普通の生活で行われていることを、ビジネスの世界に上手に持ち込む。この発想がすごい重要なんじゃないかと思います。
十倉:
「普通の生活の中で」って今佐々木さんおっしゃいましたし、前回中山さんとお話しした時にもあんまり社内でDXって言葉を出して意識はしてない、みたいなお話しもあったんで。「普通の中に」がキーワードなんですかね。
中山:
「DX」って大々的に掲げるんじゃなくて、日常生活で感じる「もっと便利に」「もっと効率的に」っていう日本語ワードが、そのまま出てくるっていう感じです。だから、必ずしもデジタルにこだわらなくて、アナログな方法で解決することもあります。たとえば、「一人暮らしだと栄養が偏りがち」という問題に対処しようと思ったら「じゃあ野菜を送ってあげよう」みたいな、どアナログな方法を提案したりするんですよ。
十倉:
なるほど。「DX」のDはデジタルのDですけど、そればかりとも限らないんですね。
自社で取り組んでいるDX、教えます!
十倉:
大塚商会では色んなサービス・商品を提供しているわけですが、それらは本当にお客様のためになるんだろうかというのを考え、まず自社で使ってみて効果が出たものを提供しています。

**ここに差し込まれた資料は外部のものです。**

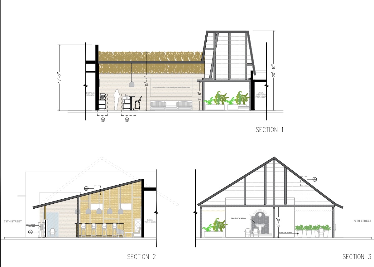 An application has been filed requesting a Certificate of Appropriateness for exterior modifications including but limited to the introduction of a new shade structure, an outdoor bar counter and a mural, and a variance to exceed the hours of operation for an outdoor bar counter.
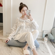 红豆新款睡衣女春秋季柔柔棉长袖套装女士可外穿可爱娃娃领家居服

たとえば、大塚商会の営業はお客様先に入る前にスマホを貸与されていて、「今週はこのお客様に行った方が面白いよ」とか、「このお客様はきっとこんなサービスを考えてらっしゃるはずなんでこのツールを持って行ったらどうですか」なんてことを、AIが示唆するんです。実際、受注率は月を追うごとに上昇している。すると「このAIシステムはお客様に提供できるんじゃないか」という感覚を抱く。こんなイメージですね。
ただ、AIを扱うにはバックデータが必要ですし、データサイエンティストを雇う必要も出てくる。これでは難しいので、中小企業のお客様がハンドリングできるようにAIを仕立ててPRする、という流れになっています。お客様に提供する前のテストの場が大塚商会にあるかな、という感覚ですね。
佐々木:
僕たちはクラウドサービスを世の中に広めようというビジョンを掲げて、創業時から何もインストールせず、クラウドサービスだけで社内を回してきています。
昨年3月に全国休校のアナウンスがあって、全社リモートワークに移ったんですけど、その時に何も議論することがなかったんです。全部インターネットでできる状態だったので、何も問題ないよね、と。経理とか、あるいは上場企業だと監査なんかをどうするのかっていう議論が普通は生じると思いますが、これもすでにデータはクラウドで管理してるので問題ありませんでした。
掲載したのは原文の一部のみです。